● What you need to do
Retype the lines below exactly, but only those from the line that has "Les supports sont" through the line that has "un regard intense". Omit every picture.

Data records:
* * *

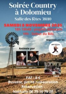 Le Samedi 08 Novembre 2025, Soirée Country à 19h00, animée par *Lionel Rajon* et *Jean Chri*, chez les*JMC Friend’s*, Salle des Fetes de Dolomieu (38110), Isère.
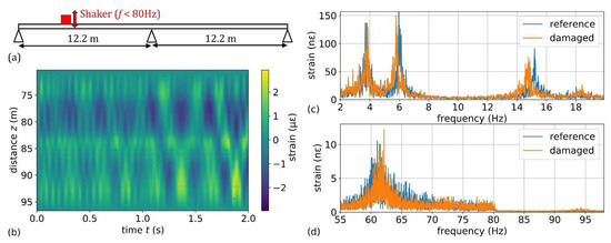 Figure 2c,d show the frequency domain comparison (mean of all sampling positions) of two measurements: before and after an induced damage of the structure (release of pretension). Changes in stiffness are visible in the frequency domain comparison. The high strain resolution and spatially resolved deformation measurement comprises valuable information for more advanced approaches for damage assessment and remaining lifetime predictions.
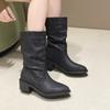 Женские массивные одинарные ботинки 2025 года, осенние новые, с круглым носком, с отворотом, с рукавами-фонариками, с противоскользящей подошвой, удобные, до середины голени
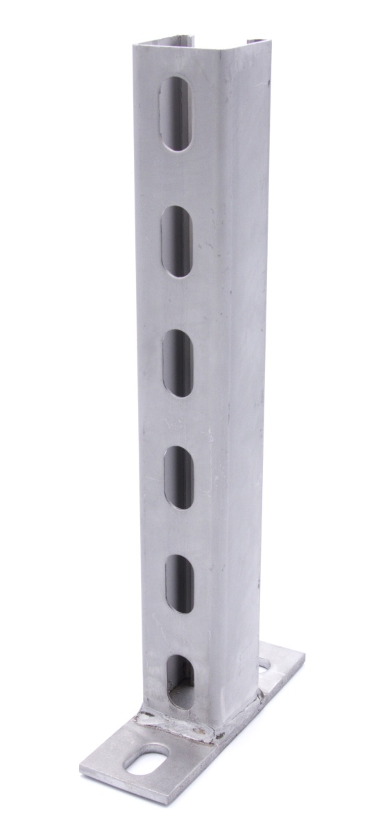 Les supports sont en acier inoxydable. Rail de montage avec profilé en U 41 x 41 mm, soudé sur la plaque d'ancrage pour un montage direct au mur.
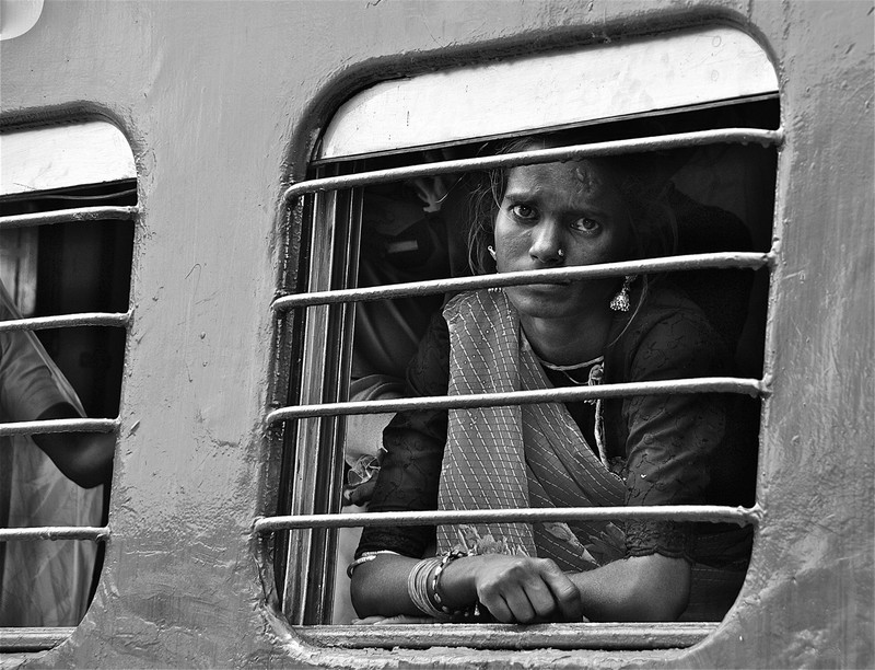 un regard intense bien capté à travers ces barreaux... mais de quel maux souffre-t-elle? sinon le cadrage je sais pas trop... le bras du rtype à gauche c'est pas top... peut-être essayer un carré en coupant un bout à gauche..? et nuancer davantage le NB comme ODL l'a dit...
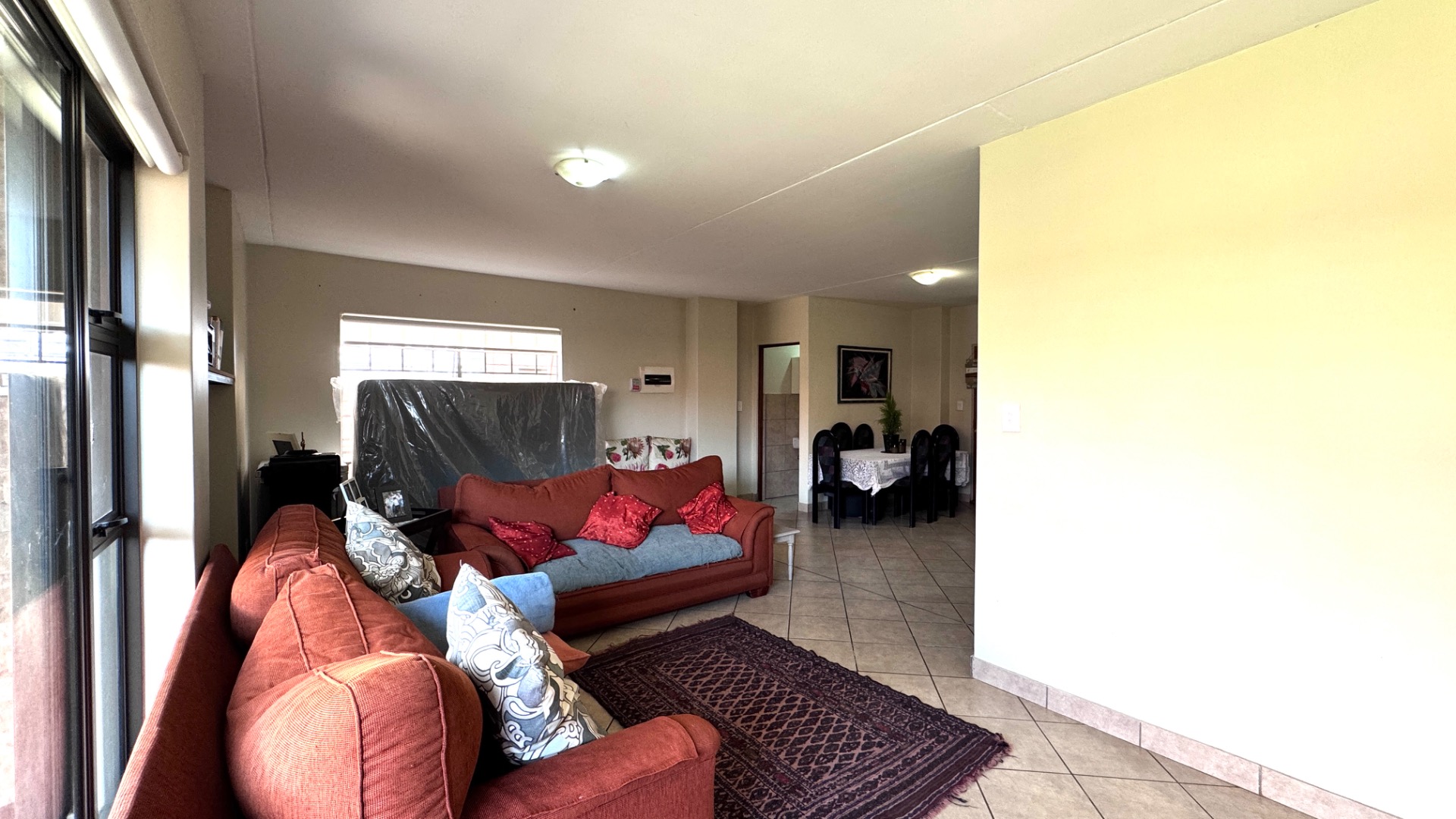 Step inside to an open-plan living and dining area, characterized by tiled flooring and neutral wall colours, creating a bright and airy atmosphere. Large windows and sliding doors ensure abundant natural light, enhancing the sense of space. The functional L-shaped kitchen is equipped with light wooden cabinets, granite-look countertops, a built-in oven and hob, and ample space for appliances, including a washing machine. An open-plan design seamlessly connects the kitchen to the dining area, perfect for everyday living and entertaining.

* * *

● Output for this exercise
 Les supports sont en acier inoxydable. Rail de montage avec profilé en U 41 x 41 mm, soudé sur la plaque d'ancrage pour un montage direct au mur.
 un regard intense bien capté à travers ces barreaux... mais de quel maux souffre-t-elle? sinon le cadrage je sais pas trop... le bras du rtype à gauche c'est pas top... peut-être essayer un carré en coupant un bout à gauche..? et nuancer davantage le NB comme ODL l'a dit...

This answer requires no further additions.